LAOLA1: Die Vienna hat sehr große Sponsoren präsentiert, ist der Konkurrenz in der Hinsicht wohl überlegen, zudem hat man noch einen guten Ruf. Wie professionell wird bei der Vienna gearbeitet und die Pflichten erfüllt?

Hlinka: Wir versuchen alles, so professionell wie möglich zu arbeiten. Gerhard Krisch ist ein Garant für sehr gute Menschenführung, für ein Management, das gut funktioniert. Ich denke schon, dass wir gut aufgestellt sind. Aber auf der anderen Seite ist es für uns eine gewisse Pflicht, den Menschen, die hinter dem Verein stehen, zu geben, was sie verdient haben. Die Vienna ist kein unbekannter Verein, die Vienna kennt man, die Vienna ist der älteste Verein Österreichs und jeder würde sie gerne höher sehen. Wir haben eine gewisse Fan-Gemeinde, das ist großartig, aber nicht selbstverständlich in der 2. Landesliga. Das sind Faktoren, die eine sehr starke Rolle spielen. Mit professioneller Arbeit kann man das erreichen. Im Amateurbereich musst du gewisse Dinge beachten, die im Profi-Bereich überhaupt keine Rolle spielen. Die Spieler arbeiten, studieren, das muss man auch bei der Trainingsplanung, Dosierung und Intensität einplanen. Auch ich muss das erst richtig gestalten, aber es gelingt uns bisher ganz gut. Ich bin guter Dinge, dass wir auf einem sehr guten Weg sind. Aber es haben schon viele Vereine davor probiert, wenn ich an den GAK, Vorwärts Steyr oder Vienna denke, die schon vor ein paar Jahren vielleicht den Aufstieg in die 2. Bundesliga schaffen wollten und es hat trotzdem aus irgendeinem Grund nicht geklappt. Das ist mir schon bewusst und deshalb bin ich immer ein Fan der Bescheidenheit. Ich greife immer lieber von unten an.

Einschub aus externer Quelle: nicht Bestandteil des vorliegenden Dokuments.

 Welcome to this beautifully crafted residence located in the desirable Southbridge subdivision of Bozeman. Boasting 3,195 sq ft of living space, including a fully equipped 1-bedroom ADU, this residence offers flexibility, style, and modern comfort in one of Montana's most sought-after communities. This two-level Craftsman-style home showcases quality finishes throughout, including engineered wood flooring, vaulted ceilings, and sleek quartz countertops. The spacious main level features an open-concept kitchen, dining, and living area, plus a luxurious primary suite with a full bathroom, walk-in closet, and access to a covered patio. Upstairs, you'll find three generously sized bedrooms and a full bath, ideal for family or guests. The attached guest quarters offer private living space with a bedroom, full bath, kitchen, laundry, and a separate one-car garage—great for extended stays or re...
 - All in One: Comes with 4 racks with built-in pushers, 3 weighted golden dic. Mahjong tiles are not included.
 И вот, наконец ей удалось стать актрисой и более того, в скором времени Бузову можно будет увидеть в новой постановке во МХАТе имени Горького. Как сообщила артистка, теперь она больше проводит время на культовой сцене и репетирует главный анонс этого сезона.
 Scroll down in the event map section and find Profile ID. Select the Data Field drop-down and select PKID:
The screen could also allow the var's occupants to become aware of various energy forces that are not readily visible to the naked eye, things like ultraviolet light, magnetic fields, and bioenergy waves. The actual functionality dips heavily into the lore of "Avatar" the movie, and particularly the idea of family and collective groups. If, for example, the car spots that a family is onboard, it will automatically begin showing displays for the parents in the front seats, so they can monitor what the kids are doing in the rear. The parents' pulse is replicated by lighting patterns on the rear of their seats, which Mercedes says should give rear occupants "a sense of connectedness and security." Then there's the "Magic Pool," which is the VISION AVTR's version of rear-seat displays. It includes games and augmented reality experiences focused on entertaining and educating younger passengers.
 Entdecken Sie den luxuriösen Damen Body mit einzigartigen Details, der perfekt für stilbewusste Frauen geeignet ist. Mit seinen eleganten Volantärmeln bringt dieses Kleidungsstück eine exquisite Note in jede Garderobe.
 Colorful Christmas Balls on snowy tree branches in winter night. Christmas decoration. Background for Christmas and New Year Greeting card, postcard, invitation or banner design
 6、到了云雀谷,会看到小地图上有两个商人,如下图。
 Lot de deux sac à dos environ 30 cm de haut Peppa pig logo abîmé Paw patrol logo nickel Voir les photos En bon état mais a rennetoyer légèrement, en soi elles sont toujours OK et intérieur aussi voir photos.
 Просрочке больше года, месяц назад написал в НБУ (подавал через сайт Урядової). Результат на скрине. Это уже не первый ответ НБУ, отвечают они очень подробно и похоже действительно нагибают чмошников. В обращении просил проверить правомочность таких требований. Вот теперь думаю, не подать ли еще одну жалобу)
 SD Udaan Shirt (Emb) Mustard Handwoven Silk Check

LAOLA1: Du stehst noch am Anfang deiner Trainerkarriere. Wo siehst du dich in ein paar Jahren? Was ist dein persönliches Ziel als Coach?

Hlinka: Ich habe diese Diskussion um die UEFA-Pro-Lizenz mit vielen Trainern mitbekommen. Das ist, was ich früher oder später anstreben werde. Aber im Grunde genommen geht es mir in erster Linie um die Erfahrung. Ich bin noch ein junger Trainer, der vor zwei Jahren noch aktiv Fußball gespielt hat, der in den letzten zwei Jahren sehr viel gesehen hat – aus Sicht eines Sportdirektors von einem tschechischen Erstligisten und als Co-Trainer bei Wr. Neustadt, wo wir um den Aufstieg gekämpft haben. Der Weg geht einfach weiter. Ich denke jetzt nicht an die nächsten zwei, drei Jahre, ich habe hier meine tägliche Arbeit zu erledigen und denke vielleicht über das Ziel diese Saison nach. Aber mehr ist es nicht. Was kommt, kannst du selber gestalten. Du kannst dich durch die Arbeit definieren und das ist mein Ziel. Ich denke nicht daran, wo ich in drei Jahren bin, vielleicht bin ich dann nicht mehr Trainer oder im Ausland. Ich will die Aufgabe so gut wie möglich erfüllen und der Vienna helfen. Wenn es mir gelingt, ist das eine wunderbare Geschichte. Warum sollte die Vienna nicht in fünf, sechs Jahren in der 2. Bundesliga spielen, wo man auch einen ganz anderen Status hat? Das gilt nicht nur für mich, sondern alle Mitarbeiter und die jungen Spieler mit viel Potenzial. Sie sind zwar nicht bei Rapid, Austria, Admira, aber bei uns. Wir wollen die richtigen Impulse setzen, aber alles braucht seine Zeit. Deshalb gehört eine gewisse Geduld und Beharrlichkeit auch dazu.